The need to provide relevant and qualitative search results has driven the development of new methods and algorithms for presenting content. Through this focus, emerging technological developments have begun to enable users to search and communicate with devices in completely novel ways (e.g. voice search). This has further enabled natural queries and conversations with devices and search engines to occur. This, in turn, has necessarily driven the development of techniques to better understand natural language and the meaning of words, in order to meet the growing demands of users. In this way, technology has come full circle.

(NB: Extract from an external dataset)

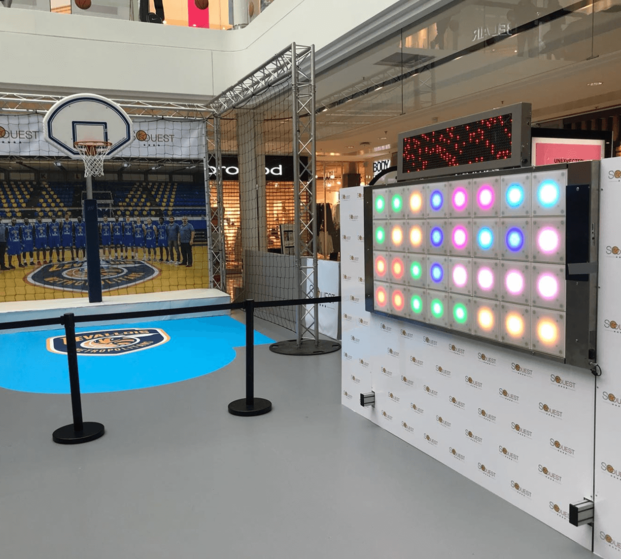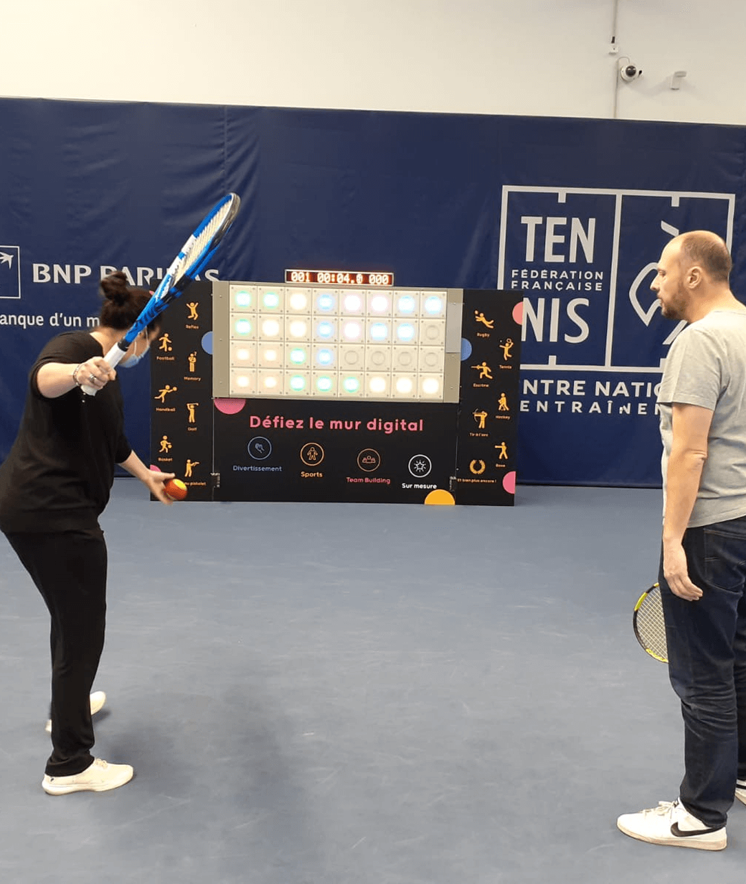 Nous adaptons des sports populaires comme le football, le tennis, le handball, le rugby, le basket, le golf, le padel, l'escrime et la boxe interactifs sur le mur. Cela peut inclure des défis de précision, des tests de réflexes, des épreuves d'agilité et des jeux de coordination.

It’s easy to understand why search engines strive to optimally meet the needs of their users and reduce unnecessary (and junk) results. The quality of the search results presented to a user has increasingly resulted in their binary decision-making regarding their use of a given search engine. Users necessarily require products and services that meet their needs. If, however, the search engine does not provide results that correspond to the Internaut’s query, there is a higher chance that they will instead seek out the competition.
Search competition does not just constitute a computer and a browser, however. Amazon is an excellent search engine for products and the reviews about them. Moreover, personal assistants – i.e. Google Home, Amazon’s Echo and Alexa, and Apple’s Siri and newly announced HomePod – are direct competitors in the field of voice search. Such new technologies increasingly force the development of new methods for seeking and retrieving information.
So where does Semantic Search fit in amongst all of this?
In the Beginning, there was Google Knowledge Graph and Hummingbird
It is fairly safe to say that Semantic Search first appeared with the arrival of the Google Knowledge Graph in May, 2012, and the Hummingbird algorithm. Both updates were heavily related to each other and marked a breakthrough in how Google read user queries to then subsequently present search results.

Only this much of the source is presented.